Sunday, February 7, 2016

Bad Assumptions Make Bad Science

I was reading through on line articles from Scientific American recently and happened to stumble across three essays in a row that demonstrated precisely what is wrong with much of popular science. Well, two things, but I suppose "science as click bait" is a topic for another essay, so let us focus on the more interesting topic, the way that poorly designed experiments can easily produce misleading results, or, in some cases, even lead exclusively to the desired outcome. In other words, carefully mis-designing an experiment can produce whatever outcomes one desires*.

The first essay I saw claimed that mean were attracted to nonconformist women. That sounds reasonable, until one examines the study. Apparently, men were presented with a large number of online profiles and asked to select women. Out of this, they chose women the researchers defined ass "nonconformist" more often than expected. Thus, the conclusion was, though conventional wisdom says men would be attracted to conformist women, they are not**.

Hold on a moment! First, the study actually measured little but he first choice for a possible date. It says nothing about actual attraction or long term prospects. These women caught the eye of someone, there is no guarantee these men will continue dating them. So, while being different may give a momentary advantage, nothing says the nonconformists won't fare poorly in going beyond that first call. Thus, the study is much more limited than it appears.

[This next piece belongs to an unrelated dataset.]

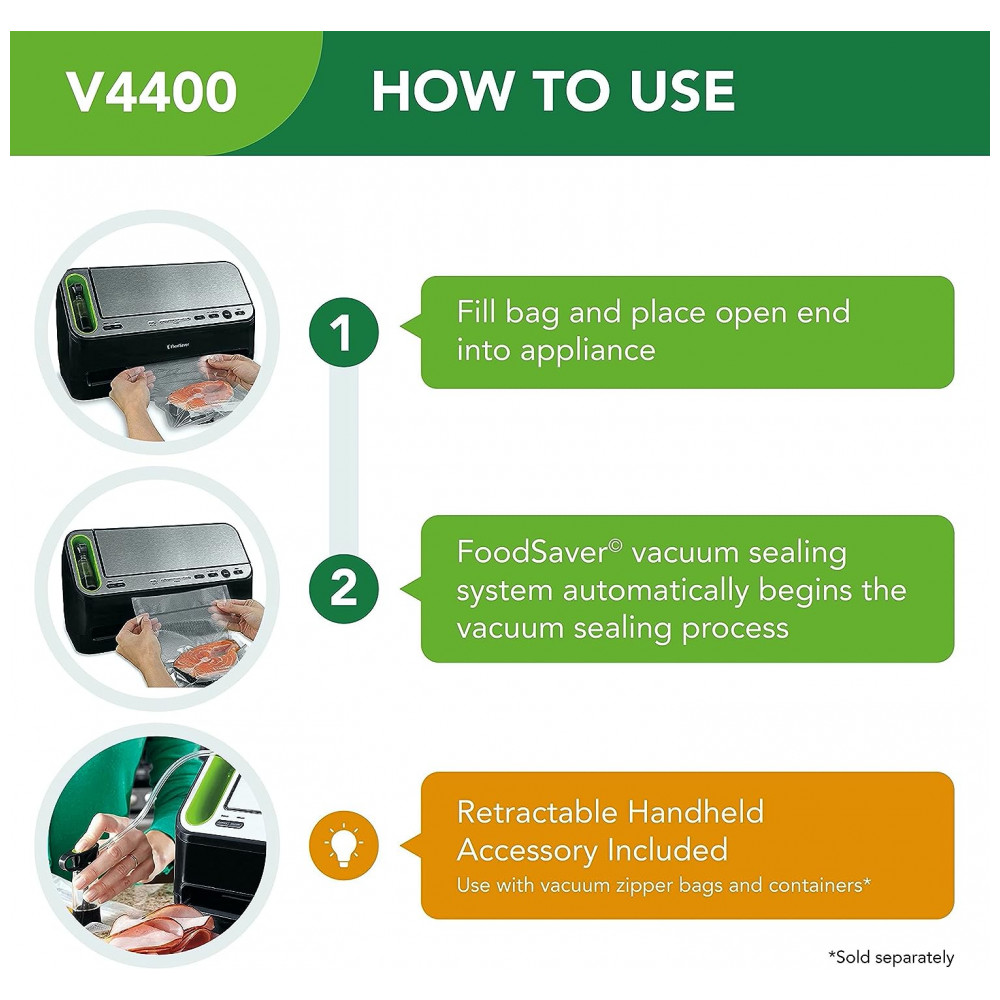 Seladora a Vácuo Automática para Alimentos Secos e Úmidos com Controle Digital e Detecção Automática 110V FoodSaver V4400 Prata

Second, the study seems designed to produce this result. After all, if you were presented with, say, a mug book of 500 people, and all but one was white, who would you recall? The one non-white face! It is just human nature that, when presented with too many things to hold in our mind at the same time, we recall the anomalies, the oddities. And so, if the study -- as it should -- did not ask for the selection until everyone was viewed, then it seems of necessity the oddballs would be the ones the men would recall. Thus, it seems the design would skew toward this outcome.

Lastly, the experiment, for that matter any experiment predicated upon nebulous terms such as "nonconformist", leaves a lot of room for bias on the part of researchers. If not defined until after the selection, then obviously it is tempting to find a reason to call anyone selected a nonconformist. If the better design is chosen, with nonconformists so designated from the start, there is a temptation to pick the most attractive nonconformists and plain conformists, or, barring that, to define the most obviously attractive figures as nonconformist. In short, because the term is so nebulous, and there is usually some common ground in what people consider attractive, to some degree, it is easy to skew such experiments either consciously or unconsciously. Making me doubt any such outcomes.

The second essay had much more obvious problems, one of which was even pointed out in the comments. This essay was about studies finding that mean and women have differing ideas concerning whether they can be "just friends", and finding, by and large, men are horny beasts without a soul, and women are pure angels... no, wait, men are stalkers and women lunkheaded pollyannas?... No, I mean, men tend to have romantic feelings toward their female friends, and overestimate the attraction their friends feel toward them, while women are oblivious to this entire situation.

The first problem is perhaps the most obvious  -- well, if we ignore the ludicrously small sample size, but that seems to happen a lot in psychological studies, so I always just assume if there are more than 2 subjects, psychology considers it valid -- is the choice of a pool of subjects. The study was conducted among pairs of friends of the opposite sex -- so far so good -- among college undergraduates....

Hold the phone! So, people who think naked beer bongs at Daytona Beach is the height of culture, who think romance is taking your pants all the way off, and who consider fidelity letting her get home before your next conquest, or maybe not sleeping with her roommate, at least not while she's home -- they are to be exemplars for all of humankind? Yes, I think I see a little problem here...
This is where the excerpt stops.